### SUPPLIED MATERIAL ###
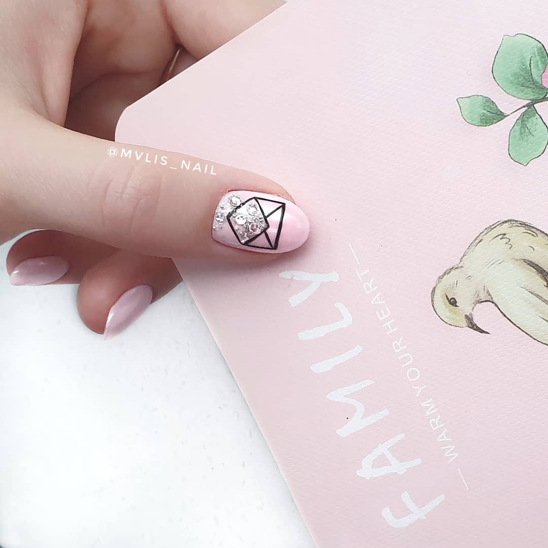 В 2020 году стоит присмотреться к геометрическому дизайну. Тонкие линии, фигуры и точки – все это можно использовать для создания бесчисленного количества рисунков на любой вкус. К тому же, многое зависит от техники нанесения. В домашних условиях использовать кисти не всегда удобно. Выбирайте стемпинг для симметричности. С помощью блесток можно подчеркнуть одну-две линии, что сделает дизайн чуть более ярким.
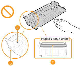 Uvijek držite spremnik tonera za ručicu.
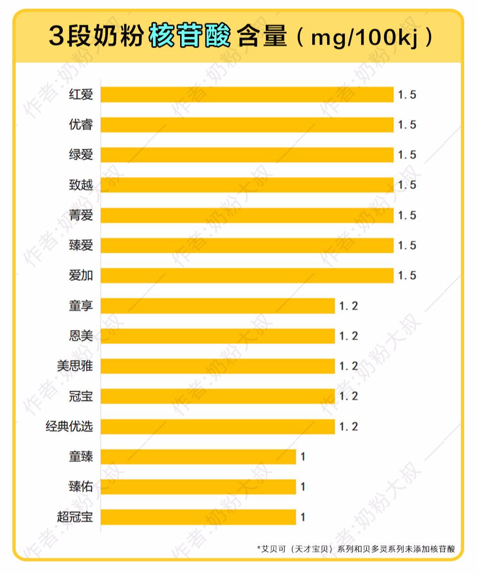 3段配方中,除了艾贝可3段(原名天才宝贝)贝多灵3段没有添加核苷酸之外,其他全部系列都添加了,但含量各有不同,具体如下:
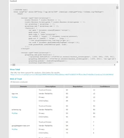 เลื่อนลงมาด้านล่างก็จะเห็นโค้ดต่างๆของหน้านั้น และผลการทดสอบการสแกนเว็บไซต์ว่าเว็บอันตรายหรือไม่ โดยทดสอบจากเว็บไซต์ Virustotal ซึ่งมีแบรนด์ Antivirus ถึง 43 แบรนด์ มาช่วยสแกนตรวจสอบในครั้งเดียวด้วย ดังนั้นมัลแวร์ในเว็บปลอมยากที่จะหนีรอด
###
**EXERCISE PROMPT:**
Could you return exactly the lines starting with the one that contains "3段配方中,除了艾贝可3段(原名天才宝贝" and ending with the last line of the data above? Leave the pictures out.

**RESULT FOR THIS TASK:**
 3段配方中,除了艾贝可3段(原名天才宝贝)贝多灵3段没有添加核苷酸之外,其他全部系列都添加了,但含量各有不同,具体如下:
 เลื่อนลงมาด้านล่างก็จะเห็นโค้ดต่างๆของหน้านั้น และผลการทดสอบการสแกนเว็บไซต์ว่าเว็บอันตรายหรือไม่ โดยทดสอบจากเว็บไซต์ Virustotal ซึ่งมีแบรนด์ Antivirus ถึง 43 แบรนด์ มาช่วยสแกนตรวจสอบในครั้งเดียวด้วย ดังนั้นมัลแวร์ในเว็บปลอมยากที่จะหนีรอด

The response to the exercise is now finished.